Aim of the exercise
Nothing but the lines from the one containing "Shirt in a soft" through the last line of the data below should be returned, each exactly as it stands, pictures excluded.

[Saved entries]
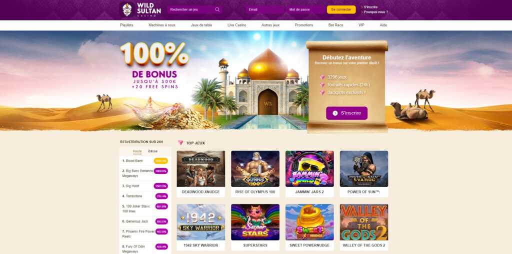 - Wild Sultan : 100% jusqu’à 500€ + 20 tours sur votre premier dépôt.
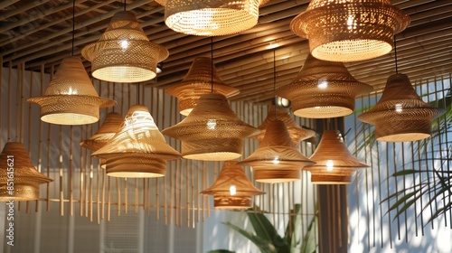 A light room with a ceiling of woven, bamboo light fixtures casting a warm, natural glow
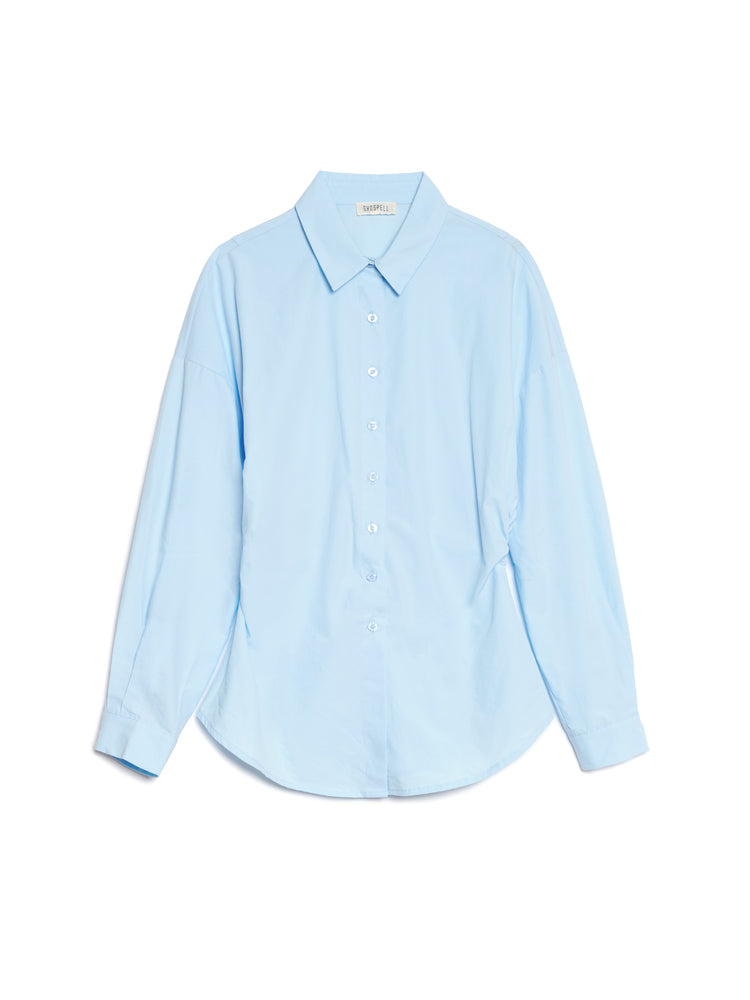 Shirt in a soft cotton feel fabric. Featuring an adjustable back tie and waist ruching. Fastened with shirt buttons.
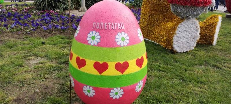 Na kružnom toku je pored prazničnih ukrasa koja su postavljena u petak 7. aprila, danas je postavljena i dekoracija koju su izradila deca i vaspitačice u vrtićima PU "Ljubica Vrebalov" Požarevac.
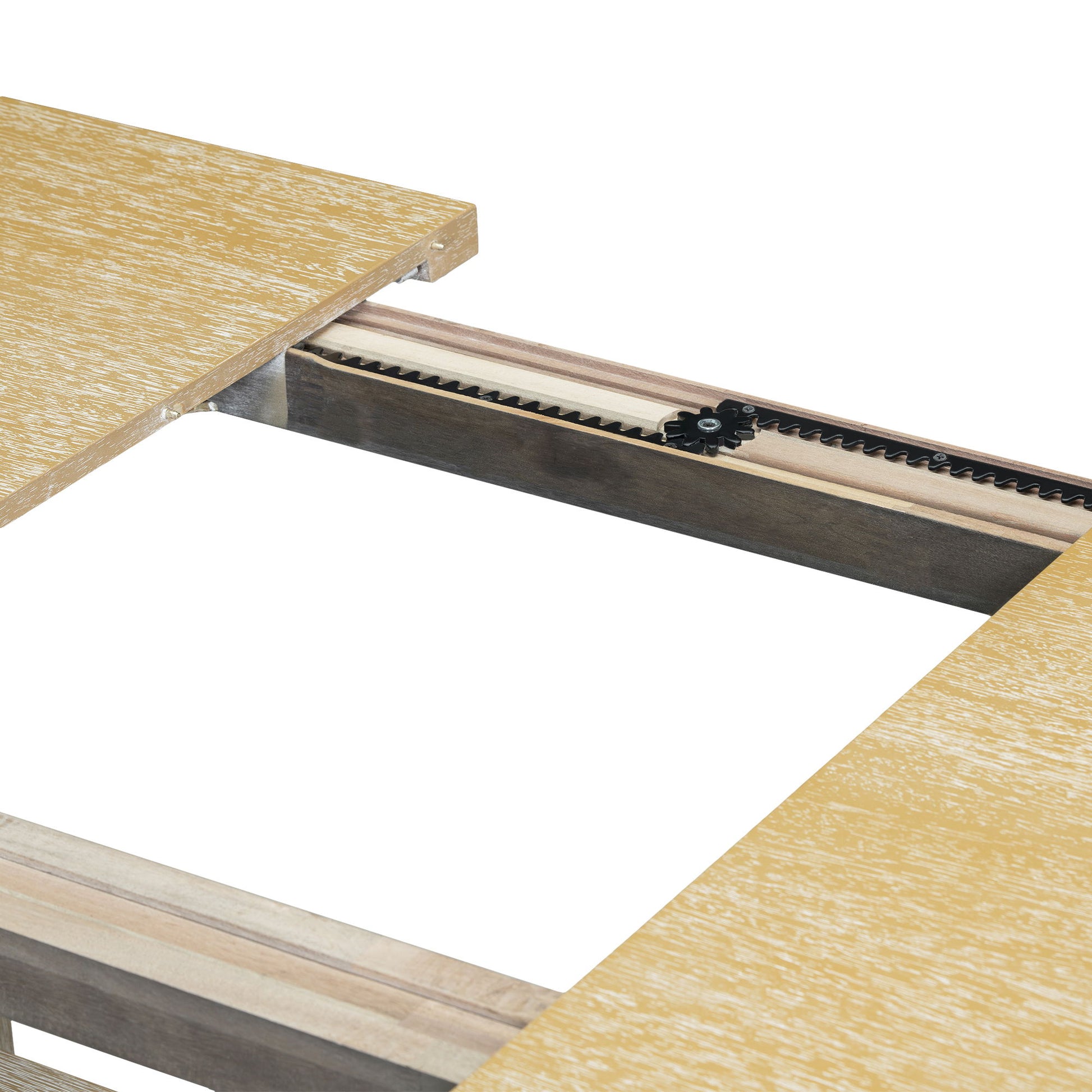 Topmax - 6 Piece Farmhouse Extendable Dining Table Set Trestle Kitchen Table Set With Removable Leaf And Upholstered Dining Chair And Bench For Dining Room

Result of this exercise
 Shirt in a soft cotton feel fabric. Featuring an adjustable back tie and waist ruching. Fastened with shirt buttons.
 Na kružnom toku je pored prazničnih ukrasa koja su postavljena u petak 7. aprila, danas je postavljena i dekoracija koju su izradila deca i vaspitačice u vrtićima PU "Ljubica Vrebalov" Požarevac.
 Topmax - 6 Piece Farmhouse Extendable Dining Table Set Trestle Kitchen Table Set With Removable Leaf And Upholstered Dining Chair And Bench For Dining Room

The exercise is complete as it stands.